Wednesday, April 3, 2019

Postscript to the preceding

What do you do when something you wrote is discredited? I had to confront that last year around this time. In my case, that meant coming to terms that an article on which I was a lead author turned out to have too much duplicate content. That's a nice way of saying it was self-plagiarized. I can say that the one thing that saved me is I saved all my emails with my coauthor on that one. Retraction Watch got my account correct. Regrettably, the site could not get the other players in that particular tragedy of errors to comment. As I said, I have all the emails. I also have evidence that the only original material was whatever I added to that manuscript. You take cold comfort where you can get it.

As time has passed, I have come to become more thankful for that retraction. The article was hopelessly out of date by the time it got published. The whole quality control and peer review process was so hopelessly messed up that I will likely never trust that journal outlet again. I also don't quite trust myself again. Writing turned out to be enormously difficult for a while. I now subscribe to plagiarism software on my own dime in order to assess that any new work I write is genuinely original. I actually re-ran prior articles I authored to make sure they were sufficiently original. For a while my whole thought process was paralyzed.

So, I have been putting safeguards in place. I have also used the fallout from that set of events as a way of assessing my priorities in life. One had to do with where the weapons effect fit in. I am tied to that line of work, so it will never quite leave me, but I am realizing that I am at a point where I can start tying up loose ends. Writing an article on the weapons effect as a solo author and finding an outlet that would give it an honest and thorough peer review was a start. Aside from a couple minor typos that never quite went away, I can now say that I can come out the other side as someone who can still write. More importantly, I decided to shift my focus from trying to establish or confirm media effects to making sure that dependent variables I rely on - and more specifically their operational definitions - make sense and actually do the job they were intended to do. That work - namely the question of validity - will keep me going for a while.
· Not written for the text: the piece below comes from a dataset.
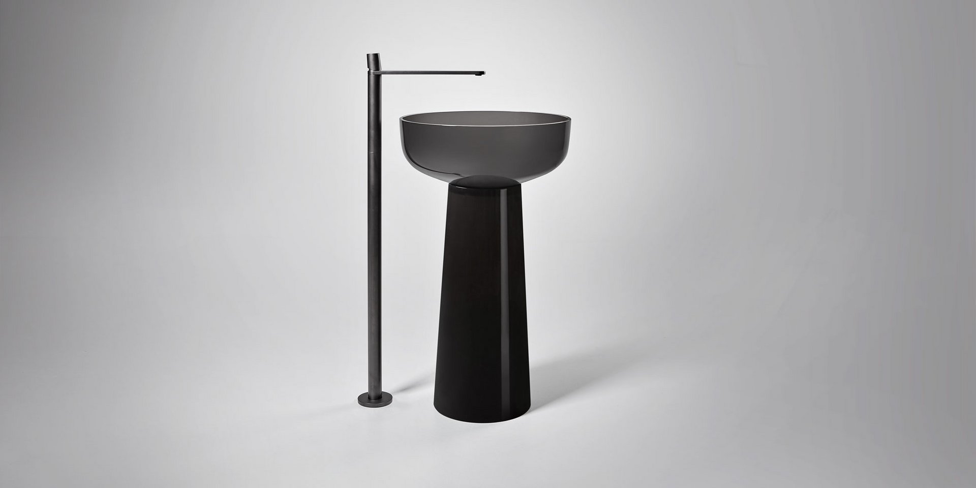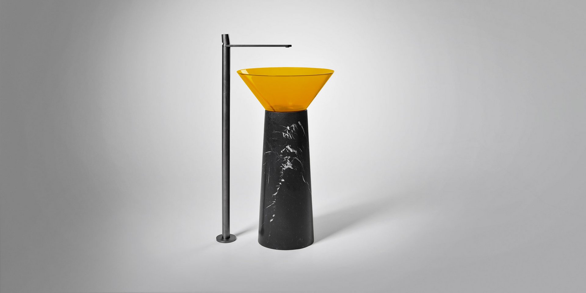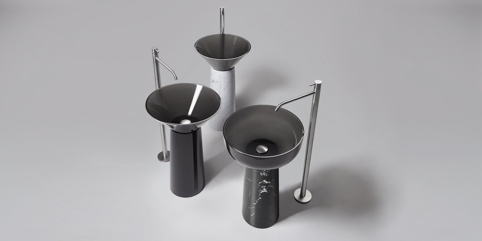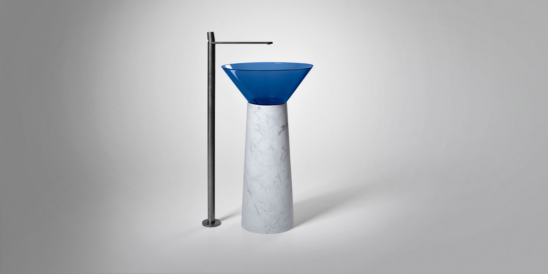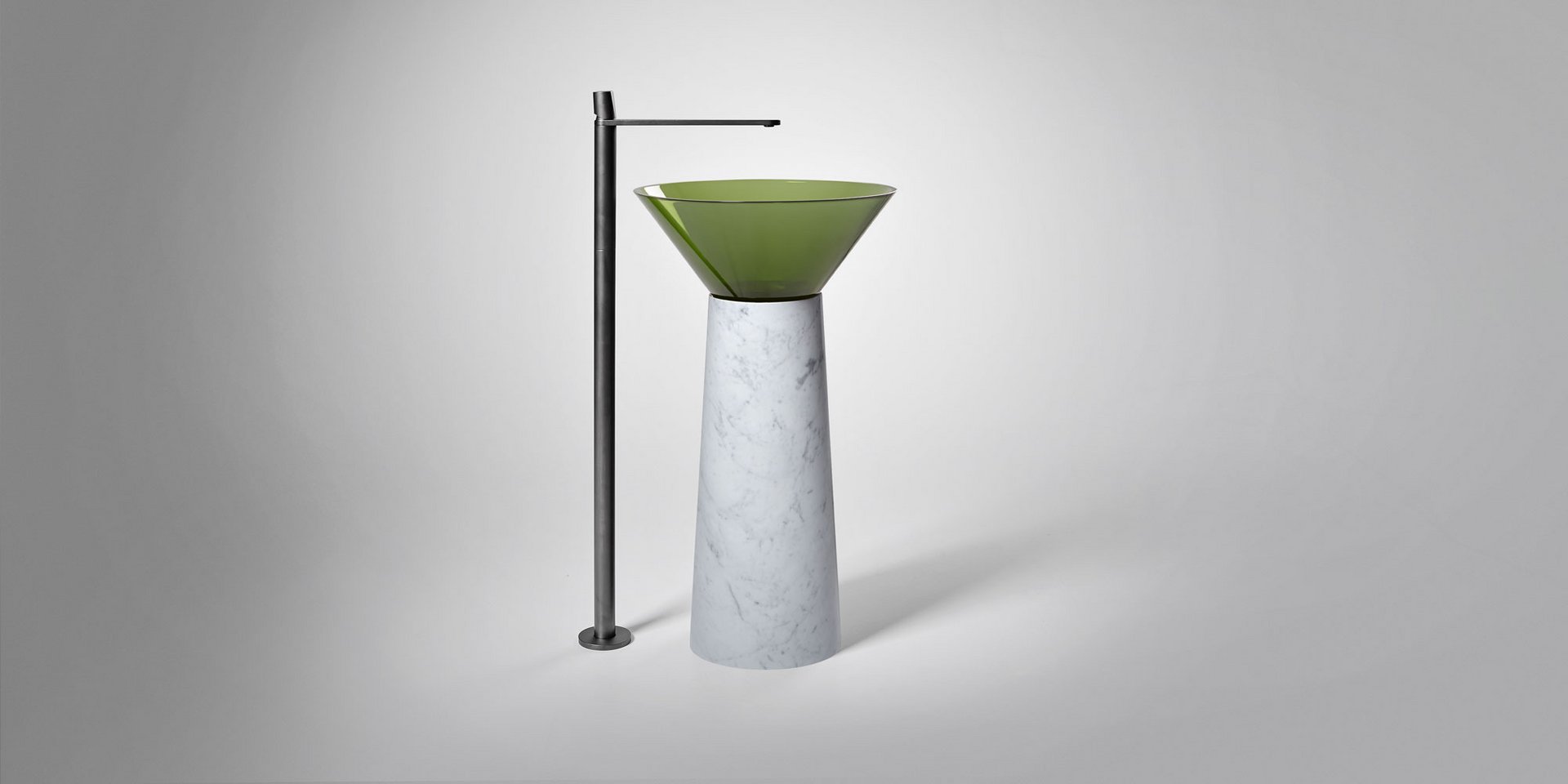 Round sink in Cristalmood, avialble in various colors, top mount or to be combined with pedestal Art. ALBUME20 complete with drain pipe fitting and open plug
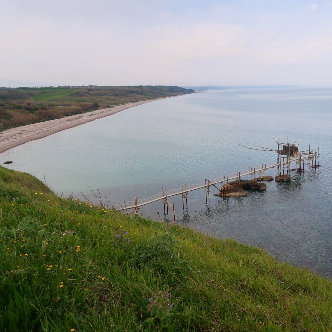 È un paesaggio che colpisce, diverso e inusuale dal mare di casa. Si cammina sulla spiaggia fino a salire sul promontorio di Punta Aderci, altezza 26 mt sul livello del mare. Qui la vista è ampia, da una parte il mare, dall’altra le campagne verdeggianti fino a raggiungere la Maiella.

The real lesson is to acknowledge where one is in error, work earnestly to correct that error, and find a way to move on. I am back to working largely in the shadows, like any of a number of literary and cinematic characters I admire, to continue the necessary work of improving the psychological sciences. There really is something to be said for obscurity. I have come to appreciate my relative lack of prominence more and more. In the meantime, there are assignments to be graded, undergraduates to be mentored, and engagements in my local community that will not win me any prizes, but which may serve those looking for answers that can occupy my time. I can live with that. Can you?